Catherine Mathis, the New York Times Co's chief PR person, is leaving the company. Her next job is bound to be easier. The full staff memo and a slight appreciation, below.

Mathis has been with the company for more than a decade, and took on the head PR job just in time to see the flagship Paper of Record slide into unprecedented financial distress. Her job is not easy! She is smart to leave, all things considered!

Mathis handled the pressures of her job by being one of the most on-message, relentlessly focused PR people in all the media. She consistently took the time to answer even the paper's harshest critics. At the same time, she often said Absolutely. Nothing. At all. Of value. Which of course is part of her job description! Still, we have a strange affinity for her and her colleagues, fighting the good fight with robotic intensity to help save a very flawed—and very good—paper. Plus at my last job she once invited me to lunch and showed me around the NYT building. It's fancy. Maybe too fancy.
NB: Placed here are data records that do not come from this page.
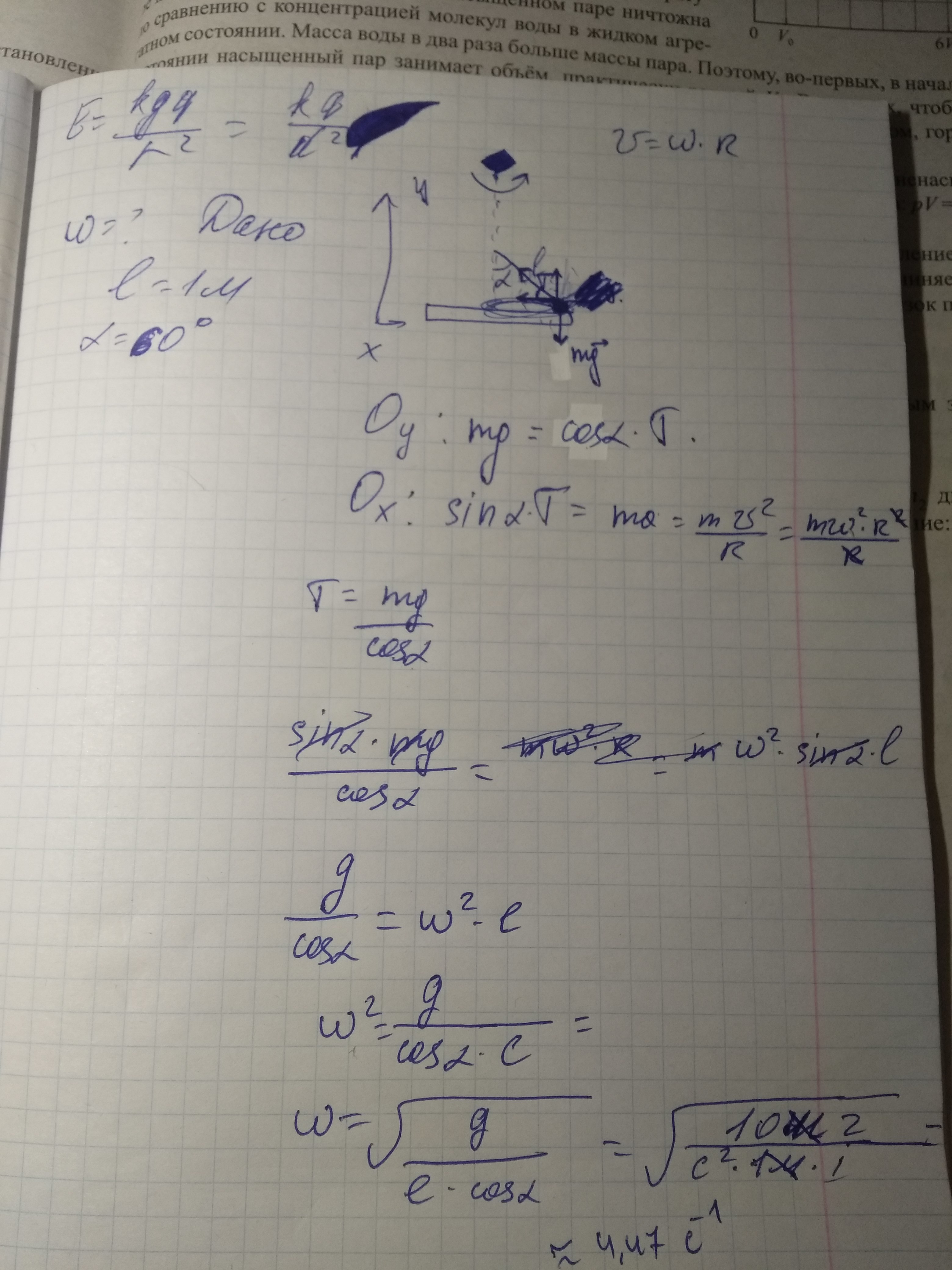 w=√gL*сosa=√10 ,5=4,47 радс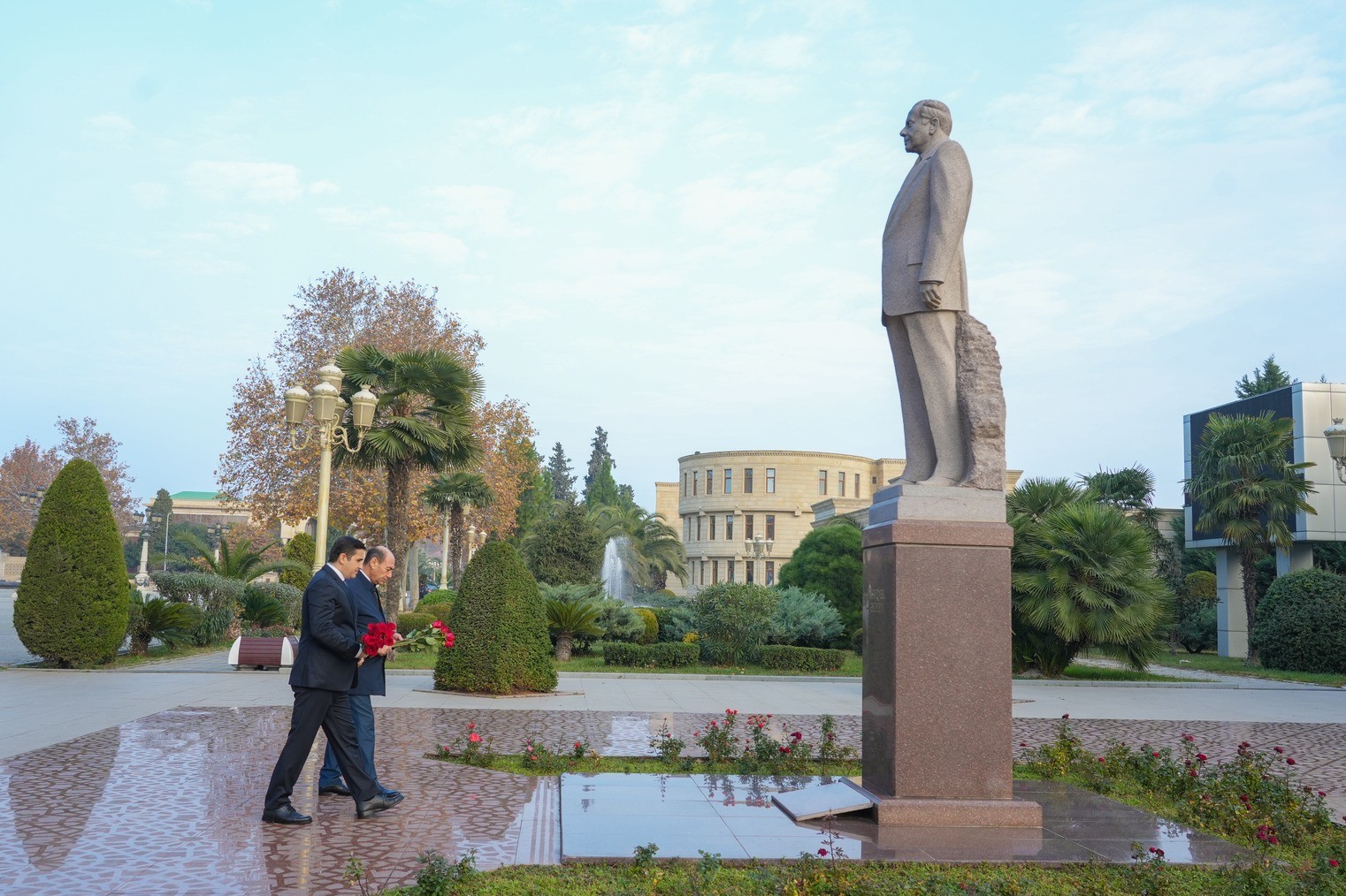 “Qafqazinfo” xəbər verir ki, nazir qəbuldan əvvəl Ümummilli Lider Heydər Əliyevin abidəsini ziyarət edib və önünə gül dəstəsi qoyub.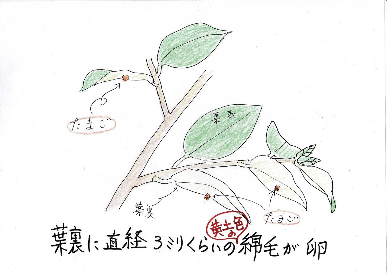 卵は6月と9月に椿類の葉の裏に産卵します。卵はベージュ色の毛でおおわれています。卵をおおう毛にも毒があります。産卵があった場合、枝ごと切り取って焼き捨てるか袋に入れて燃えるゴミに出します。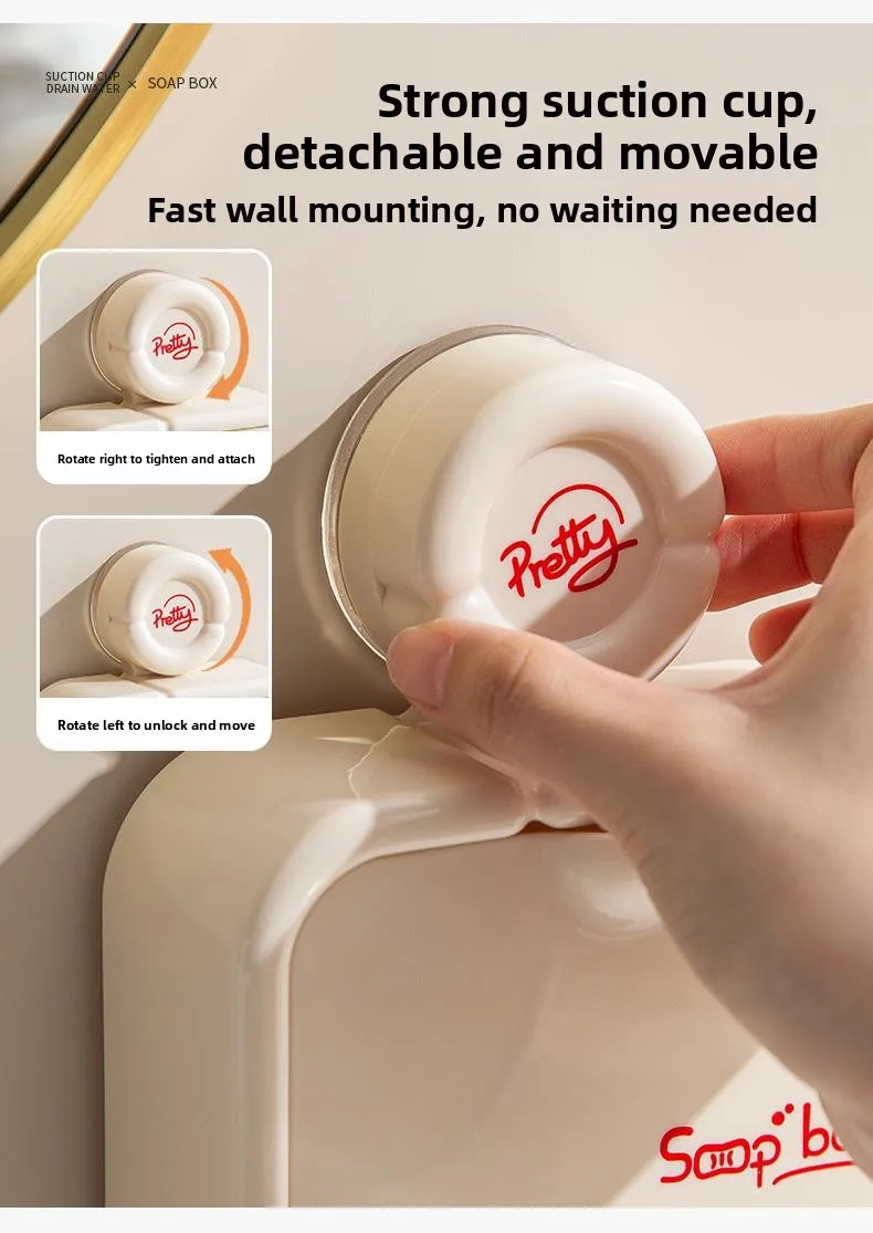 This soap holder features a suction cup design, allowing for easy installation without the need for drilling holes.

Staff memo:

Dear Colleagues,

With truly mixed emotions, I am writing to inform you that Catherine Mathis, senior vice president, corporate communications, has decided to take a new position as the senior vice president and head of Marketing & Communications for Standards & Poor's, a McGraw-Hill Company, and will be leaving at the end of August.

Catherine has been with the Company for twelve years and has served as the chief communications strategist and spokesperson through some of the most challenging chapters in our history. She has been a source of strength to me, our leadership team and her colleagues throughout the organization. She was always on duty, actively involved in managing the reputation of The Times brand, a major accomplishment, given the massive amount of coverage The Times Company generates on a daily basis.

For all that and much more, everyone at The New York Times Company is grateful to Catherine for her innumerable contributions and wishes her the best of luck.

Ethan Riegelhaupt, the Company's vice president for speechwriting and internal communications, will be taking over our corporate communications department on an interim basis, pending future personnel and administrative decisions.